Background information
- Born: January 29, 1944 The Bronx, New York, U.S.
- Died: April 13, 2010 (aged 66) New York City
- Genres: Jazz, avant-garde jazz, free jazz
- Occupation: Musician
- Instrument: Drums
- Years active: 1960–2009
- Labels: Motown, Mustevic, Domino
- Website: steve-reid.com at the Wayback Machine (archived 6 April 2010)

= Steve Reid =

American jazz drummer (1944–2010)

Steve Reid (January 29, 1944 - April 13, 2010) was an American jazz drummer who played with Ornette Coleman, James Brown, Fela Kuti, Kieran Hebden, and Sun Ra.
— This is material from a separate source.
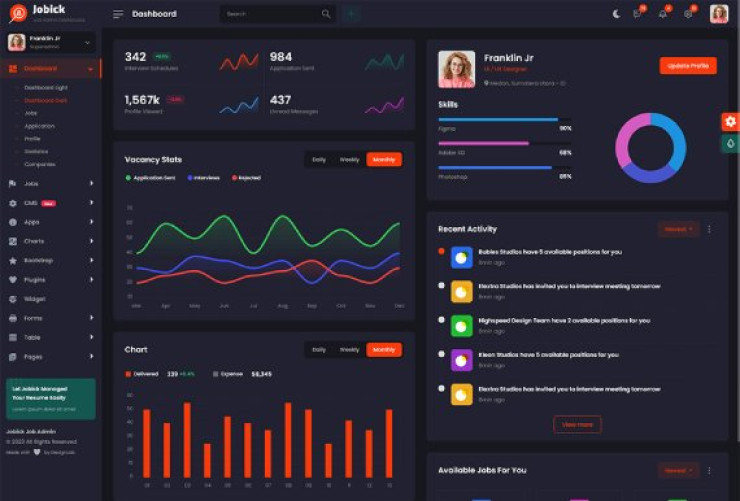 Admin dashboard User Interface design template for a Job Portal Admin. This template is ideal for the job portal, hiring admin, company hiring, job application, job vacancy, and any admin dashboard website.

He worked as a session drummer for Motown.

== Biography ==
Born in the South Bronx, Reid started drumming at 16. His family moved to Queens, New York, three blocks away from John Coltrane. Before attending Adelphi University in Garden City, New York, he worked as part of the Apollo Theatre House Band and recorded with Martha and the Vandellas under the direction of Quincy Jones.

In 1969, Reid refused to register for the draft during the Vietnam War. He was arrested as a conscientious objector and sentenced to a four-year prison sentence at Lewisburg Federal Penitentiary, where he served with Jimmy Hoffa. After his release on parole in 1971, Reid found work as a session musician with Dionne Warwick, Horace Silver, Charles Tyler, Sun Ra, and Freddie Hubbard, in addition to Broadway stage work.

In 1974, Reid formed the Legendary Master Brotherhood and his record label, Mustevic Sound.

He lived in Lugano, Switzerland, for several years in later life and released several recordings for the English label Soul Jazz and the German label CPR. For his final albums, his band included Chuck Henderson (soprano saxophone), Boris Netsvetaev (piano), and Chris Lachotta (double-bass).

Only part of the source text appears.